Создайте модель сумки слов

Создайте модель сумки слов.

cleanedBag = bagOfWords(cleanedDocuments)

cleanedBag = 
  bagOfWords with properties:

          Counts: [36176×18469 double]
      Vocabulary: [1×18469 string]
        NumWords: 18469
    NumDocuments: 36176

Удалите слова, которые не появляются больше чем два раза в модели сумки слов.

cleanedBag = removeInfrequentWords(cleanedBag,2)

cleanedBag = 
  bagOfWords with properties:

          Counts: [36176×6974 double]
      Vocabulary: [1×6974 string]
        NumWords: 6974
    NumDocuments: 36176

Некоторые шаги предварительной обработки, такие как removeInfrequentWords оставляют пустые документы в модели сумки слов. Чтобы гарантировать, что никакие пустые документы не остаются в модели сумки слов после предварительной обработки, используйте removeEmptyDocuments в качестве последнего шага.

Удалите пустые документы из модели сумки слов и соответствующие метки от labels.

[cleanedBag,idx] = removeEmptyDocuments(cleanedBag);
labels(idx) = [];
cleanedBag

cleanedBag = 
  bagOfWords with properties:

          Counts: [28137×6974 double]
      Vocabulary: [1×6974 string]
        NumWords: 6974
    NumDocuments: 28137

Создайте функцию предварительной обработки

Может быть полезно создать функцию, которая выполняет предварительную обработку, таким образом, можно подготовить различные наборы текстовых данных таким же образом.
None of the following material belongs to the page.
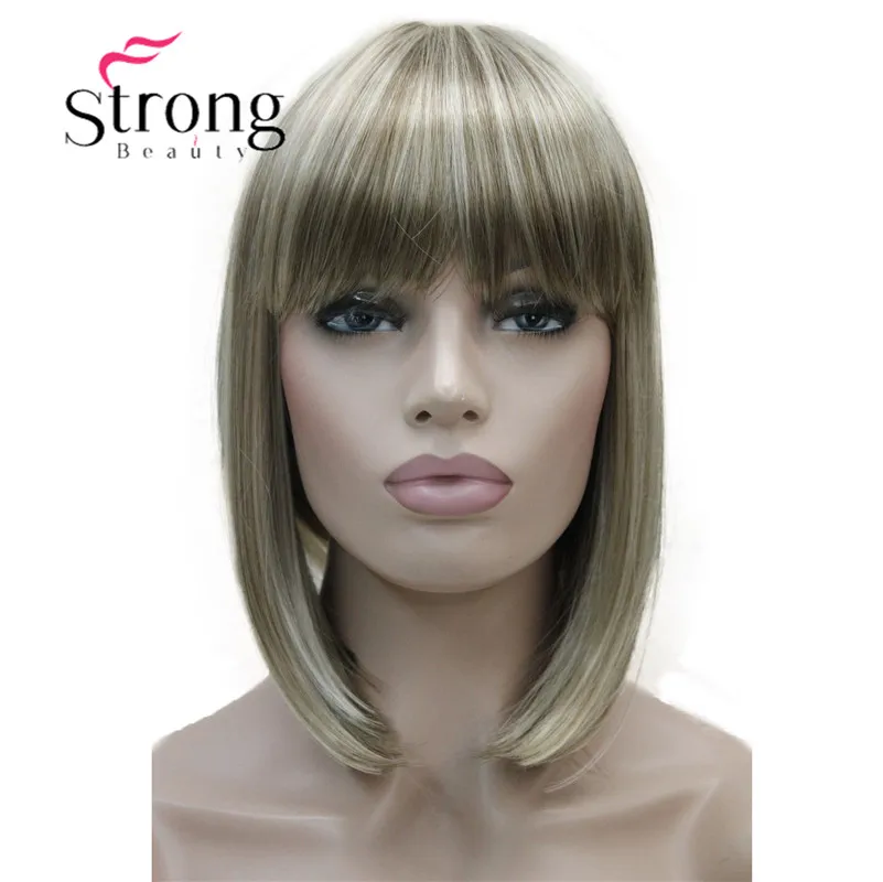 HIGH QUALITY StrongBeauty Short Straight Blonde Highlighted Bob with Bangs Synthetic Wig Black Brown Red Women's

Например, можно использовать функцию так, чтобы можно было предварительно обработать новые данные с помощью тех же шагов в качестве данных тренировки.

Создайте функцию, которая маркирует и предварительно обрабатывает текстовые данные, таким образом, они могут использоваться для анализа. Функциональный preprocessWeatherNarratives, выполняет следующие шаги:

Маркируйте текст с помощью tokenizedDocument.
Lemmatize слова с помощью normalizeWords.
Сотрите пунктуацию с помощью erasePunctuation.
Удалите список слов остановки (такой как "и", и) использование removeStopWords.
Удалите слова с 2 или меньшим количеством символов с помощью removeShortWords.
Удалите слова с 15 или больше символами с помощью removeLongWords.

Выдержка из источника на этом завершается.